Loading

学习笔记(8)多项式

强调强调再强调:多项式的空间要开到 \(4\) 倍!!

引入

对于多项式乘法,暴力计算只能做到 \(O(n^2)\),而通过将多项式系数 \(c_i\) 利用复平面内的单位根 \(\omega_{n}^{s}\) 转换为 \(F(\omega_{n}^{s})\) 的点值表达形式,可以利用复数的运算降低复杂度(简单来说就是借助单位根实现:系数->点值表达,运算->系数 的过程)

快速傅里叶变换(\(FFT\)

对于形如以下形式的多项式

\[g(x) = c_{0} + c_{1}a_{1} + c_{2}a_{2}^{2} + c_{3}a_{3}^{3} + \ldots + c_{n}a_{n}^{n} \]

\(FT\)(傅里叶变换) 主要依据以下公式实现系数与点值表达之间的变换:

\[\large F( \omega_{n}^{s}) = \sum_{i = 0}^{n - 1} f(i) \omega_{n}^{si} \]

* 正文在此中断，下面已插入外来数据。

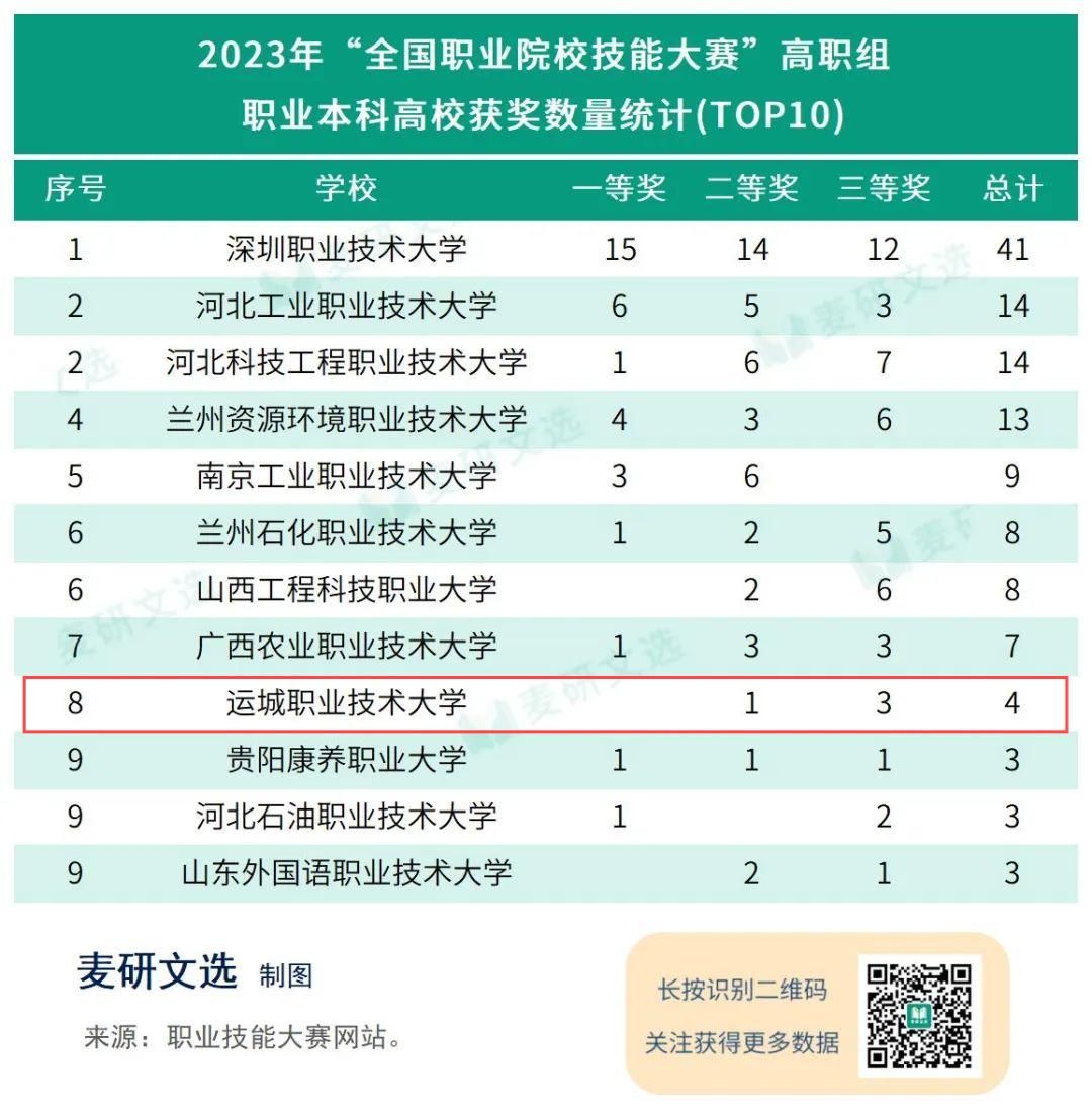 4月16日,2023年全国职业院校技能大赛获奖名单在大赛官网正式公示。bat365获奖数量位列职业本科高校第8。

\[\large f(i) = \frac{1}{n} \sum_{i = 0}^{n - 1} F( \omega_{n}^{s}) \omega_{n}^{-si} \]

其中 \(f(i)\) 为原多项式的系数

然而,直接对多项式用以上公式变形仍然是总复杂度 \(O(n^{2})\) 的,递归实现下的空间复杂度也未免太过可观,于是——

\(FFT\)(快速傅里叶变换) : 我们对原多项式的系数按照顺序的奇偶性进行划分,分治地进行求解后合并答案(分治 \(FFT\) 是“变种”,类似于 \(cdq\) 分治而非传统分治)

将正变换的柿子稍加处理:

\[\large h( \omega_{n}^{s}) = \sum_{i = 0}^{n - 1} f(i) \omega_{n}^{si} \]

\[= \sum_{i = 0}^{\lfloor \frac{n}{2} \rfloor} f_{2i} \omega_{\frac{n}{2}}^{2is} + \sum_{i = 0}^{\lfloor \frac{n}{2} \rfloor } f_{2i + 1} \omega_{\frac{n}{2}}^{(2i + 1)s} \]

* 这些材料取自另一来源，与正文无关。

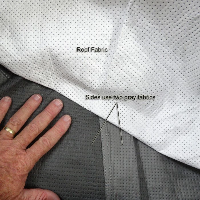 - Top panel is made of Olefin HD™ fabric. This new proprietary fabric has outperformed other leading roof materials and beads water on contact. Some water may penetrate the cover in heavy rains.
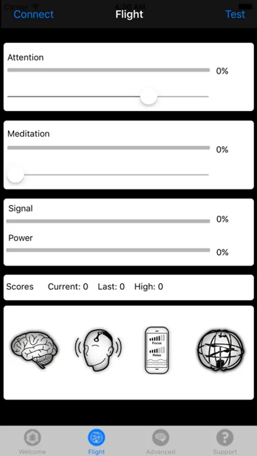 This application connects to a NeuroSky MindWave EEG to read your brainwaves. Target levels of focused concentration ("Attention") and/or mental relaxation ("Meditation") are set using sliders. When you reach your target the Puzzlebox Orbit helicopter will take off. It will continue flying for as long as you maintain your goal.
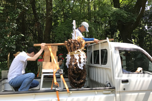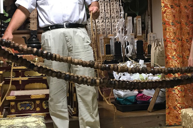 願いが掛けられた数珠はこの後、3人の男性に担がれ、同町内の家を一軒一軒回ります。

\[= \sum_{i \in even}^{n} f_{i} \omega_{\frac{n}{2}}^{is} + \omega_{n}^{s} \times \sum_{i \in odd}^{n} f_{i} \omega_{\frac{n}{2}}^{is} \]

\(h_e()\) 为偶数项(\(even\)),\(h_o()\) 为奇数项(\(odd\)),则整理得如下柿子(\(s\) 在求解过程中视作 \(\frac{n}{2} - 1\)):

\[\large F( \omega_{n}^{s}) = f_{e}( \omega_{\frac{n}{2}}^{s}) + \omega_{n}^{s} \times f_{o}( \omega_{\frac{n}{2}}^{s}) \]

\[\large F( \omega_{n}^{s + \frac{n}{2}}) = f_{e}( \omega_{\frac{n}{2}}^{s}) - \omega_{n}^{s} \times f_{o}( \omega_{\frac{n}{2}}^{s}) \]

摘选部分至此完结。